Psychodynamic Approaches to Personality

Personality has been studied for over 2,000 years, beginning with Hippocrates. More recent theories of personality have been proposed, including Freud’s psychodynamic perspective, which holds that personality is formed through early childhood experiences. Other perspectives then emerged in reaction to the psychodynamic perspective, including the learning, humanistic, biological, trait, and cultural perspectives.

Sigmund Freud presented the first comprehensive theory of personality. He was also the first to recognize that much of our mental life takes place outside of our conscious awareness. Freud also proposed three components to our personality: the id, ego, and superego. The job of the ego is to balance the sexual and aggressive drives of the id with the moral ideal of the superego. Freud also said that personality develops through a series of psychosexual stages. In each stage, pleasure focuses on a specific erogenous zone. Failure to resolve a stage can lead one to become fixated in that stage, leading to unhealthy personality traits. Successful resolution of the stages leads to a healthy adult.

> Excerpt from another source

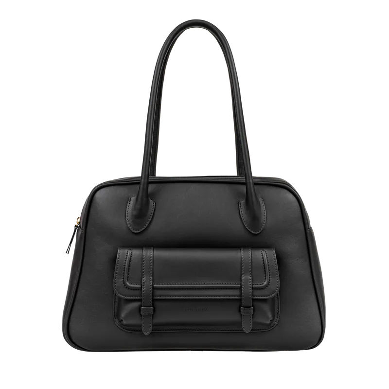 Bowling Bag Maxi to duża, dopracowana w proporcjach sylwetka z autorskim dekorem inspirowanym linią Saddle. Zachwyca wyrazistym charakterem i rzemieślniczą precyzją wykonania. Może pełnić funkcję weekendera lub przestronnej torby na co dzień. Lekka mimo swojej pojemności. Zachowuje strukturę i proporcje, jednocześnie miękko dopasowując się do ciała na wygodnych długich rączkach. Charakterystyczna kieszonka na froncie, inspirowana linią Saddle, buduje spójność kolekcji. Przestronne wnętrze mieści 15-calowy komputer. Zaprojektowana z myślą o podróży i codziennym rytmie miasta. Model można łączyć w modułowe zestawy z torebkami z linii Saddle — na przykład z Belt Bag Maxi w kolorze czarnym. • Kolor: czarny • Materiał: mięsista włoska skóra licowa, gładka, matowa • Zapięcie: metalowy suwak YKK i dodatkowa kieszeń z klapką na froncie torby • Okucia: złote; metalowe stopki w dnie • Środek: płócienna podszewka w kolorze czarnym, kieszonki wewnętrzne na suwak, smycz na klucze Zaprojektowana i szyta w naszej pracowni w Warszawie. Pakowana w lniany worek przeciwkurzowy z logo.

The neo-Freudians were psychologists whose work followed from Freud’s. They generally agreed with Freud that childhood experiences matter, but they decreased the emphasis on sex and focused more on the social environment and effects of culture on personality. Some of the notable neo-Freudians are Alfred Adler, Carl Jung, Erik Erikson, and Karen Horney. The neo-Freudian approaches have been criticized, because they tend to be philosophical rather than based on sound scientific research. For example, Jung’s conclusions about the existence of the collective unconscious are based on myths, legends, dreams, and art. In addition, as with Freud’s psychoanalytic theory, the neo-Freudians based much of their theories of personality on information from their patients.

Explaining Personality

Behavioral theorists view personality as significantly shaped and impacted by the reinforcements and consequences outside of the organism. People behave in a consistent manner based on prior learning. B. F. Skinner, a prominent behaviorist, said that we demonstrate consistent behavior patterns, because we have developed certain response tendencies. Mischel focused on how personal goals play a role in the self-regulation process. Albert Bandura said that one’s environment can determine behavior, but at the same time, people can influence the environment with both their thoughts and behaviors, which is known as reciprocal determinism. Bandura also emphasized how we learn from watching others. He felt that this type of learning also plays a part in the development of our personality. Bandura discussed the concept of self-efficacy, which is our level of confidence in our own abilities. Finally, Rotter proposed the concept of locus of control, which refers to our beliefs about the power we have over our lives. He said that people fall along a continuum between a purely internal and a purely external locus of control.

Humanistic psychologists Abraham Maslow and Carl Rogers focused on the growth potential of healthy individuals. They believed that people strive to become self-actualized. Both Rogers’s and Maslow’s theories greatly contributed to our understanding of the self. They emphasized free will and self-determination, with each individual desiring to become the best person they can become.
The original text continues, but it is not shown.